The main subject of this comprehensive monograph is the problem of packing spheres in $$n$$-dimensional Euclidean space and related problems as the kissing number problem asking how many spheres can be arranged so that they all touch one central sphere, the covering problem, and the quantizing problem having applications in data compression. In many cases the optimal solutions of these problems are provided by arrangements of spheres using lattices. Thus the study of lattices and the related classification of quadratic forms is another central theme in the book. Connections between these problems and error-correcting codes, Steiner systems, $$t$$-designs, and finite groups are also investigated. The geometrical problems treated in the book have numerous applications in other areas of mathematics, especially in number theory, as well as outside mathematics, as channel coding, chemistry (crystallography), and physics (dual theory and superstring theory).
The text is based on a series of articles, but a number of new facts which have not appeared in print before, are presented, including tables of the densest sphere packings, coverings and quantizers, lattices, spherical codes, new formulae for the theta series of many lattices, and a simple description for the Monster simple group. The book contains also many tables available before only in journals or conference proceedings, such as bounds for kissing numbers, the even and odd unimodular lattices in dimensions up to 24, tables of the best known codes, groups associated with the Leech lattice, simple groups related to the Monster, etc.
The text is organized in a preface, 30 chapters, index, and bibliography of about 1550 titles. The first three chapters provide a survey of the present state of the packing, kissing number, covering and quantizing problems.
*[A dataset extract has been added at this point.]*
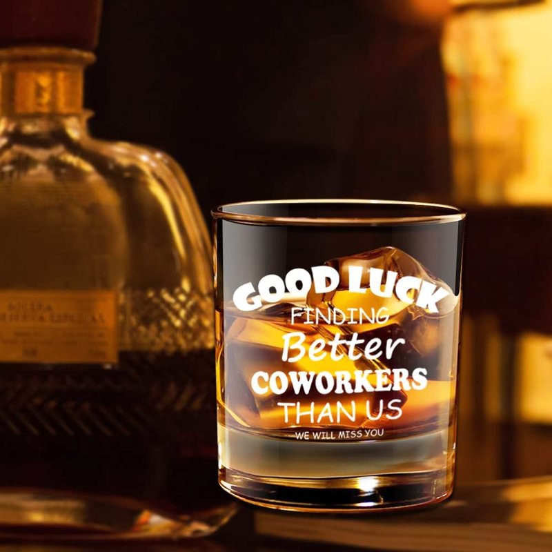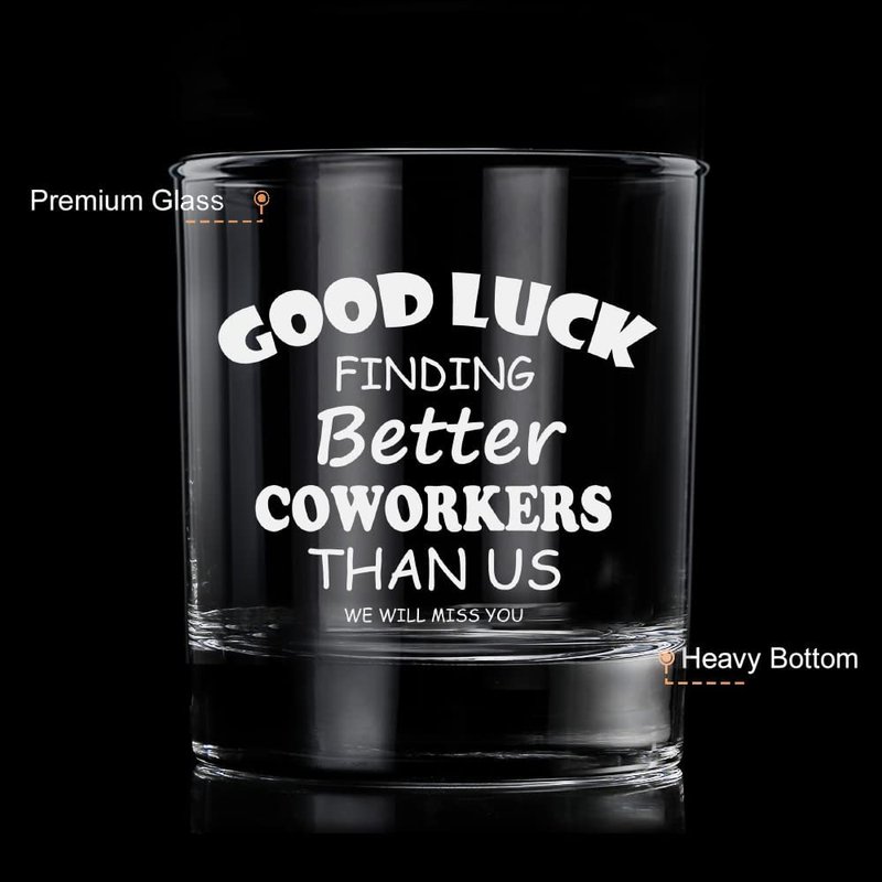 - 【Lead Free Crystal Whiskey Glass】This Good Luck Finding Better Coworkers Than Us Whiskey Glass is made of high-quality lead free crystal glass. Old fashioned glass features with thick side and solid base design,it is more durable and breakage resistant than others.12 oz large capacity is great to add whiskey cubes and stones for your favourite drinks such as scotch,bourbon,vodka,old fashioned cocktails,whiskey etc.

Chapter 4 describes a number of important lattices. In chapters 5–8 various constructions of sphere packings based on codes are described. Chapter 9 introduces bounds for codes and sphere packings obtained by techniques from harmonic analysis and linear programming. Chapter 10 and 11 study the Golay codes and their automorphism groups, as well as the group of the Leech lattice. Chapter 12 gives a proof of the uniqueness of the Leech lattice. Chapters 13 and 14 discuss the unique solutions of the kissing number problem in 8 and 24 dimensions. Chapters 15–19 deal with the classification of integral quadratic forms. The next four chapters 20–23 treat geometric properties of lattices and the evaluation of the covering radius of the Leech lattice. Chapter 24 gives various constructions of the Leech lattice based on Golay codes, the deep holes and Niemeier lattices. Chapter 25 contains a classification of the holes in the Leech lattice. Chapter 26 and 27 discuss Lorentzian forms for the Leech lattice and the automorphism group of the 26-dimensional Lorentzian lattice. Chapter 28 is about Leech roots and Vinberg groups. The last two chapters 29 and 30 describe a construction of the biggest sporadic simple group, the Monster, and a Lie algebra possibly related to the Monster.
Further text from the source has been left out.